Our major concern is the Interim Reconfiguration Proposals recently approved by the Trust Board. These proposals would see inpatient Paediatric and Emergency Surgery beds moving from City Hospital to Sandwell Hospital with 24 Hour Assessment Units being established in these specialties at City Hospital. City Hospital is the larger hospital with 1100 beds compared to 400 beds at Sandwell. It serves a socio-economically deprived population and one with a very high concentration of the ethnic minorities. Some 50% of families are without their iwn car and public transport links are not good.

If the Trust's proposals were implemented about six of the children admitted and about 12 of the adult surgical patients who were admitted via the 24 Hour Assessment Units each day would need to be moved to the beds at Sandwell because they needed to stay in hospital longer than 24 hours. These journeys would not be medically necessary as they would not be moving patients to higher levels of care such as Intensive Care or High Dependency beds, they would be moved to ordinary ward beds.

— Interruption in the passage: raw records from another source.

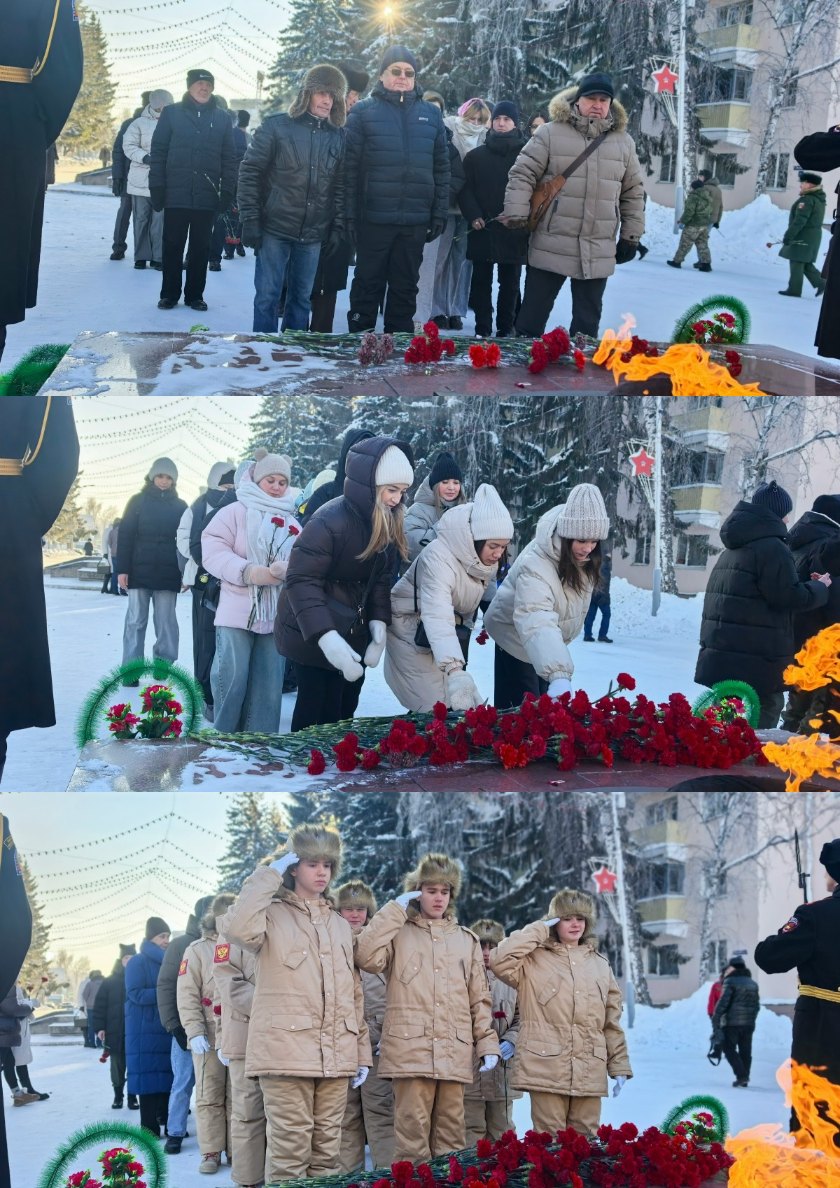 Открыл торжественную церемонию полковник запаса Варфоломеев В.В. – Председатель Регионального отделения ДОСААФ России Курганской области. Была объявлена минута молчания в знак глубочайшего уважения и памяти. Участники возложили цветы к Вечному Огню мемориального комплекса воинов-курганцев и стеле «Зауральцы - Герои Советского Союза».
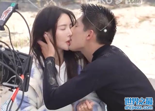 随后导演一声“准备亲她”,男主靠近女主,拥住女主下巴,深情一吻,而女主则是有些猝不及防,但很快两人在沙滩开始缠绵。
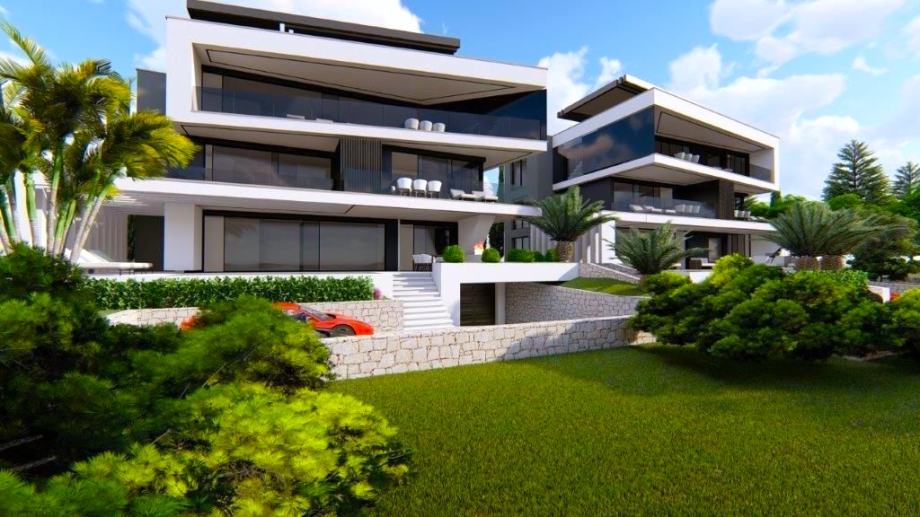 Stan se sastoji od ulaznog hodnika, prostranog dnevnog boravka spojenog staklenim stijenama sa balkonom, kuhinje i blagovaonice, ostave, 2 spavaće sobe i kupaonice. Stanu još pripada i spremište, garažno parkirno mjesto iz kojeg se liftom dolazi direktno u stan, te još jedno vanjsko parkirno mjesto.
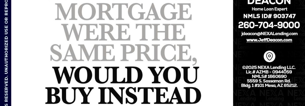 Hi, my name is Jeff Deacon. I’m a Loan Officer with NEXA Mortgage LLC., offering personalized mortgage solutions, fast customized quotes, great rates and service with integrity.
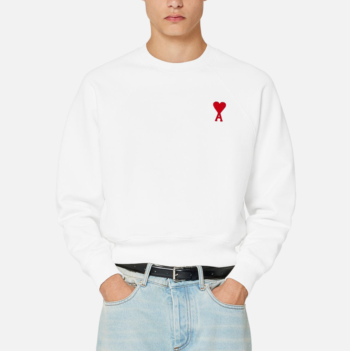- Design Features: Classic crew neck, ribbed cuffs and hem, iconic red AMI heart logo embroidered on the chest
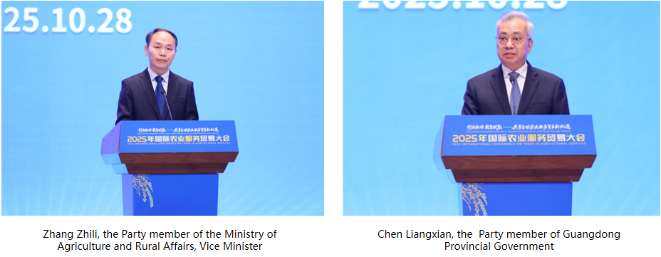 On October 28th, the 2025 International Agricultural Service Trade Conference  sponsored by China Ministry of Agriculture and Rural Affairs of China and the People's Government of Guangdong Province, organized by Foreign Economic Cooperation Center of the Ministry of Agriculture and Rural Affairs, Guangdong Provincial Department of Agriculture and Rural Affairs, was grandly held in Nansha, Guangzhou. The Conference with the theme of Innovation-Driven and Digital-Empowered: Sharing New Opportunities in Global Agricultural Service Trade, attracted Minister of Agriculture,Ambassador to China,Representatives of international organizations, specialists in agricultural trade services, and corporate  executives from more than 30 countries and regions around the world to discuss the future trend and opportunities cooperation in global agricultural service trade.
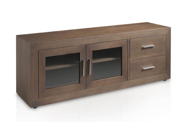 Mueble TV fabricado en madera de roble con dos puertas, con cristal transparente y estante interior de madera y dos cajones.
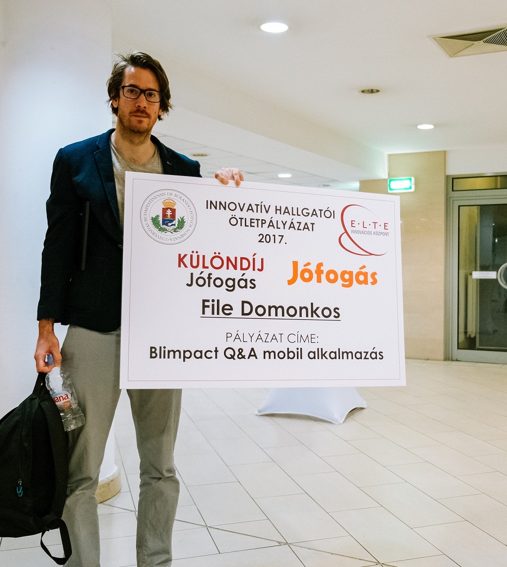 Az ELTE Innovatív Hallgatói Ötletpályázatának célja, hogy a tehetséges hallgatók elképzeléseit a társadalom számára hasznos, piacképes megoldássá formálja, a legnagyobb apróhirdetési portál pedig a megvalósításhoz nyújt gyakorlati segítséget. A tender különdíjának nyertese, File Domonkos és csapata így egy neves, külföldi szakmai konferencián vesz majd részt, valamint egy teljes körű, projektre szabott mentorprogramot is biztosítanak számukra, hogy ötletük mihamarabb helyt álljon a piacon is.
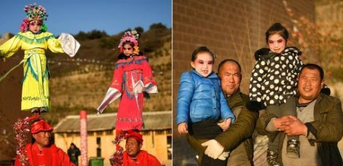2017年2月10日,山西太原臺駘山,來自晉中農(nóng)村的民間非遺藝人在表演社火前后對比
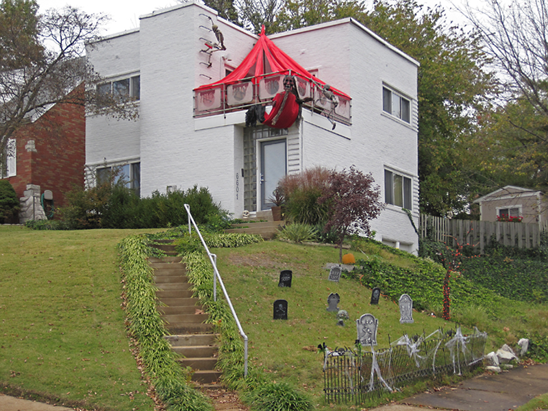 And this one is in South St. Louis City. Loves the skeleton climbing down the ladder on the 2nd-story chimney. If you’d like to see the inside of this home, take the tour here. And have a Happy Harris Halloween!
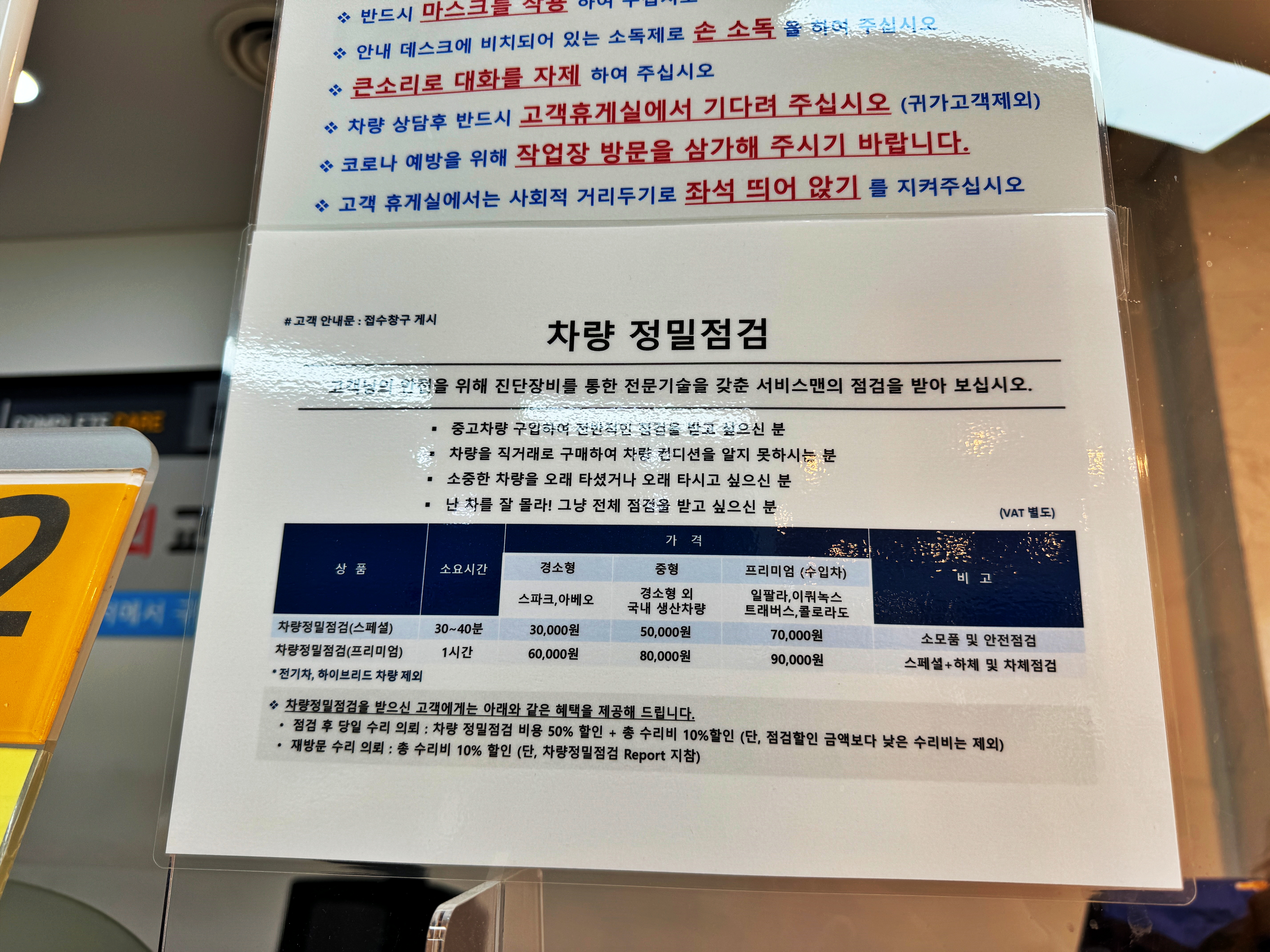 차알못을 위한 차량 정밀점검도 준비되어 있네요.
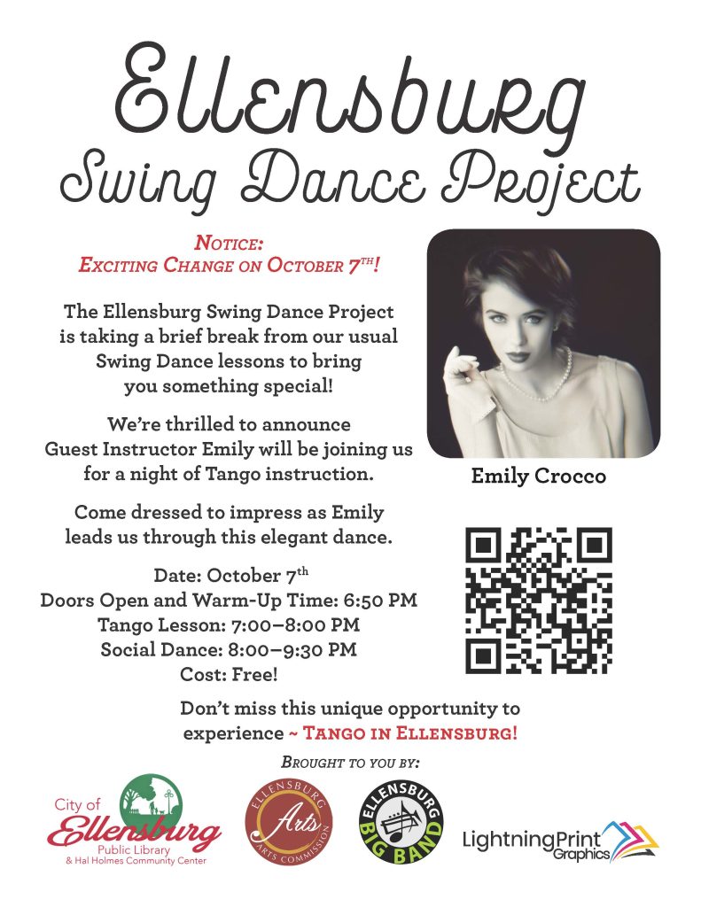The Ellensburg Swing Dance Project is taking a brief break from our usual swing dance lessons to bring you something special! Weβre thrilled to announce that Guest Instructor Emily will be joining us for a night of Tango instruction.
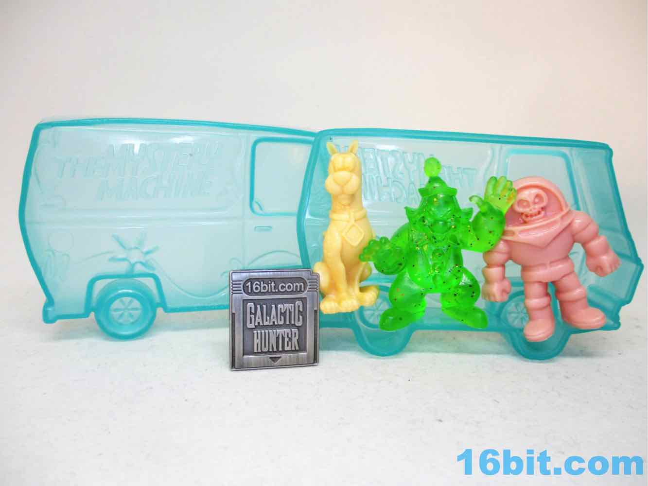 There are 12 figures that come in at least eight colors. I'm still looking. But they did make Shaggy, Scooby, Captain Cutler, Green Ghost, Miner 49er, Space Kook, Creeper, and others in a font so small on the packaging I defy anyone to read it. It's the smallest printing that I may have ever seen on a toy - it's just a plastic band over a two-piece clear blue Mystery Machine case. It's efficient, and adjusted for inflation they are priced similarly to 1980s toys of a similar bent.
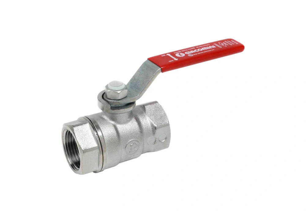 Kulový kohout s vnitřními závity, ovládací páčkou - červená, chromovaný.
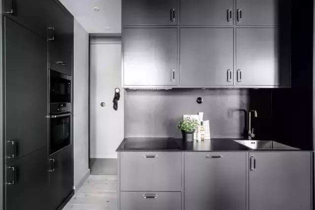 整個(gè)開(kāi)放式的廚房也是做了嵌入式的柜子,灰黑色的櫥柜和灰木色的地板、白色的天花板形成層次感,讓整個(gè)空間更顯寬敞,也更不會(huì)壓抑。
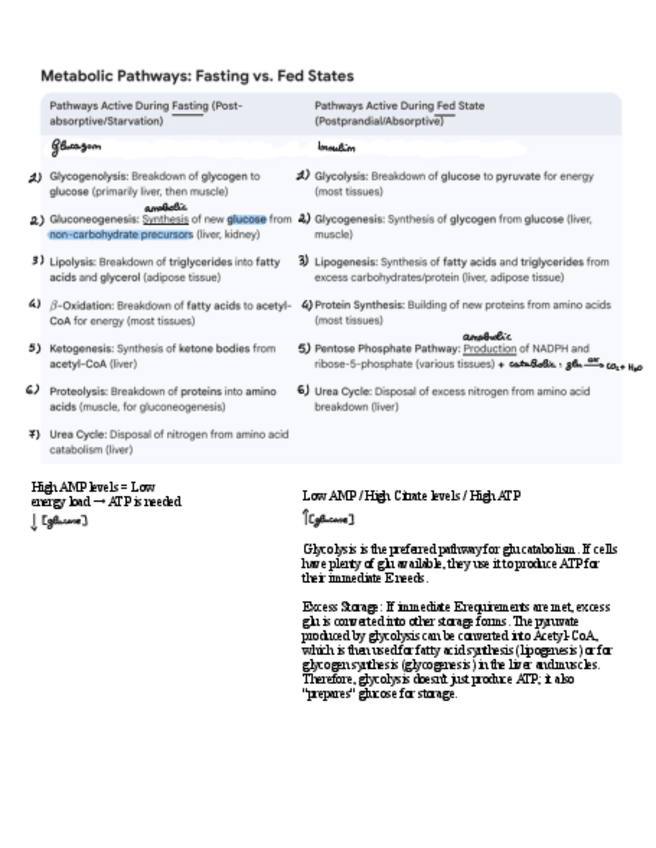First document: 1. Fasting vs Fed States 2. Insulin vs Glucagon 3. Localization of metabolic pathways 4. Gluconeogenesis 5. Pentose phosphate pathway 6. Glycogenesis 7. Glycogenolysis 8. β-oxidation 9. Similarities and differences between the four
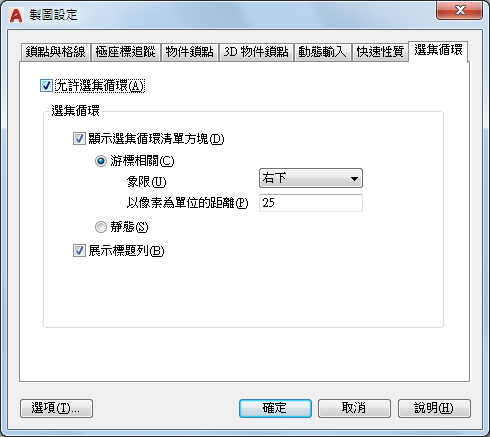 控制是否打開選集循環功能。(SELECTIONCYCLING 系統變數)。
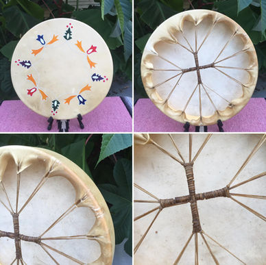 Drums are the heartbeat that ground us to the earth and carry us to the sacred realm. To create a drum is a process of prayer, the end result is a tool used to help us on our journey. I utilize the best materials possible and use the Salish method of lacing them. I am grateful to Jorge Two Eagles Lewis for his guidance in learning that method. My artwork is always a flight of the imagination influenced by the art of the cultures I greatly admire and connect to.
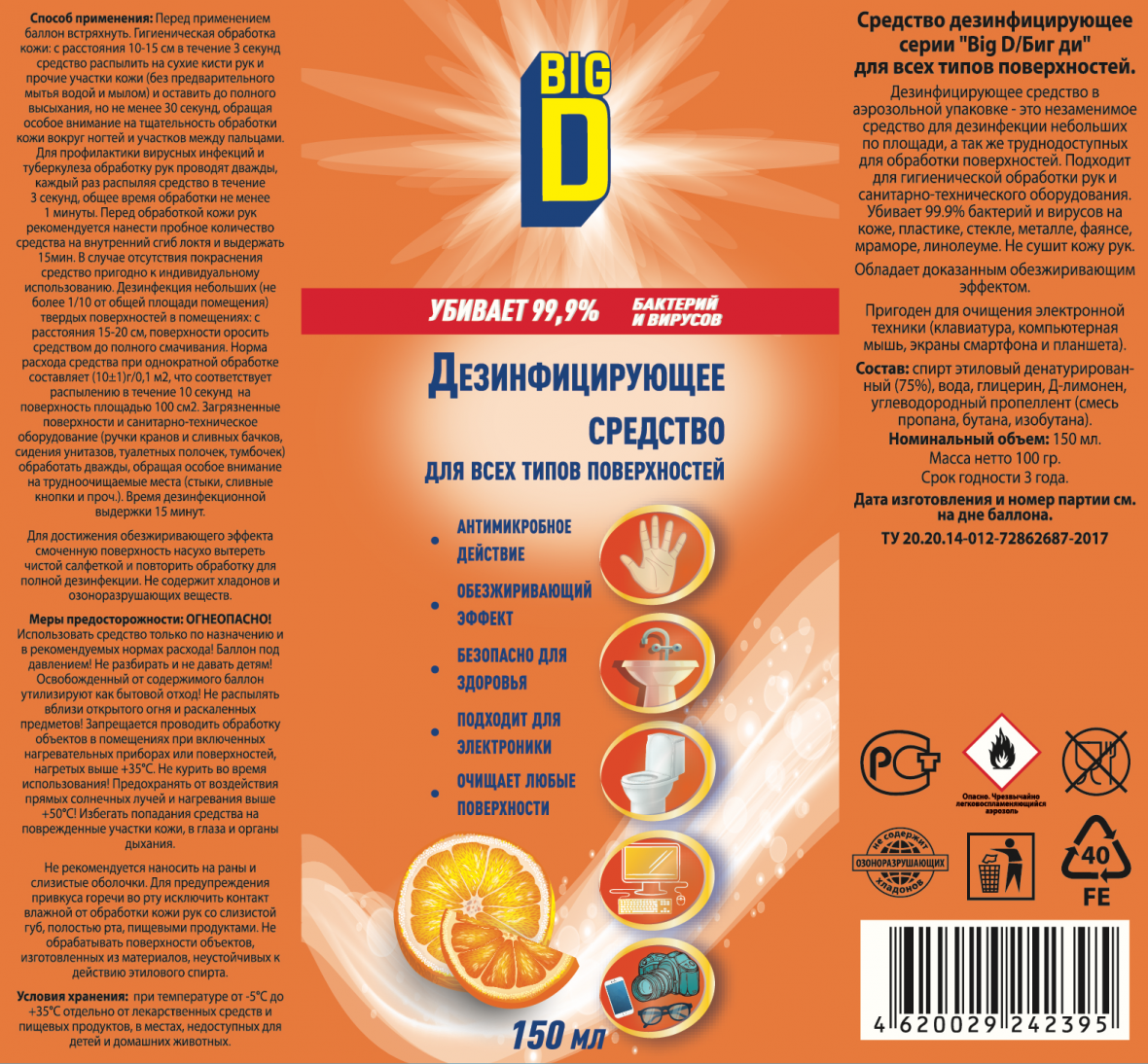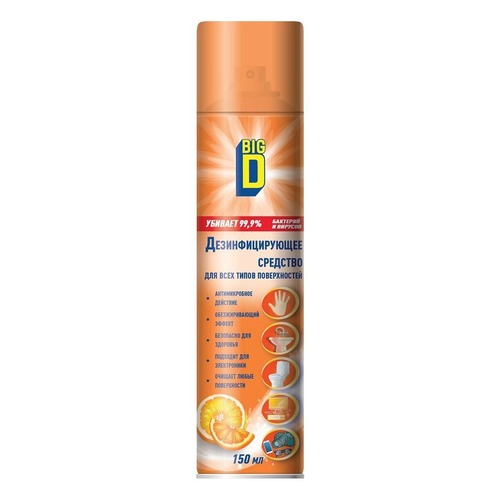 Описание: Дезинфицирующее средство в аэрозольной упаковке – это незаменимо для дезинфекции небольших по площади, а так же труднодоступных для обработки поверхностей. Подходит для гигиенической обработки рук и санитарно-технического оборудования. Убивает 99,9% бактерий и вирусов на коже, пластике, стекле др.

This has to be unacceptable care in the 21st century for the hospital at the centre of England's second city.

The actual formal consultation was flawed because the ethnic minority population was not effectively addressed. However those who returned consultation forms rejected the Trust's proposals for Emergency Surgery 47.2% to 31.4% and for Paediatrics 45.6% to 29%.

As if this were not bad enough these proposals fly in the face of the Trust's own Racial Equality Policy. This is because from data provided by the Trust on their website City Hospital has an inpatient population consisting of 45.9% ethnic minorities against Sandwell 13.4%. Thus ethnic minority patients at City would be unfairly disadvantaged and put at greater risk. A complaint has been made to the Commission for Racial Equality and I understand that it is being investigated.

Last week a secret ballot of all the consultants at City Hospital drew to a close. 97% of those retuurning ballot papers supported the prospect of the new hospital but opposed losing the Paediatric and Emergency Surgery beds. Only two ballot papers were received voting the other way and we had an overall majority of 57.9%. No previous ballot had been conducted by the Trust.

I am sure you will agree that this is a totally unacceptable situation, particularly as the Trust did have options on the table that would have preserved Emergency Services at both hospitals until the new hospital is built. These options would have been perfectly acceptable to City Hospital Supporters. The good news is that the Birmingham City Council Health Scrutiny and Overview Committee has referred the Emergency Surgery proposals to the Secretary of State for Health who has to decide if referral should be made to the Independent Reconfiguration Panel. However Paediatrics has not been referred.

This is a very clear example of the local community not being effectively consulted about a major change to the provision of their hospital services. In spite of the flawed consultation they have rejected a reduction in services at their local hospital, but they have been ignored by the Trust. The senior doctors at the hospital have spoken with one voice on the Trust's proposals but to date it has had no effect.
Referral of both the Emergency Surgery and the Paediatric plans to the Independent Reconfiguration Panel would at least give us a chance to present the facts to an independent and external group of people, so that the case for preserving effective emergency services at City Hospital until the new hospital opens could get a fair hearing.
With kind regards and good wishes for the future.

Yours sincerely.

Dr.K.G.Taylor

On behalf of City Hospital Supporters Group.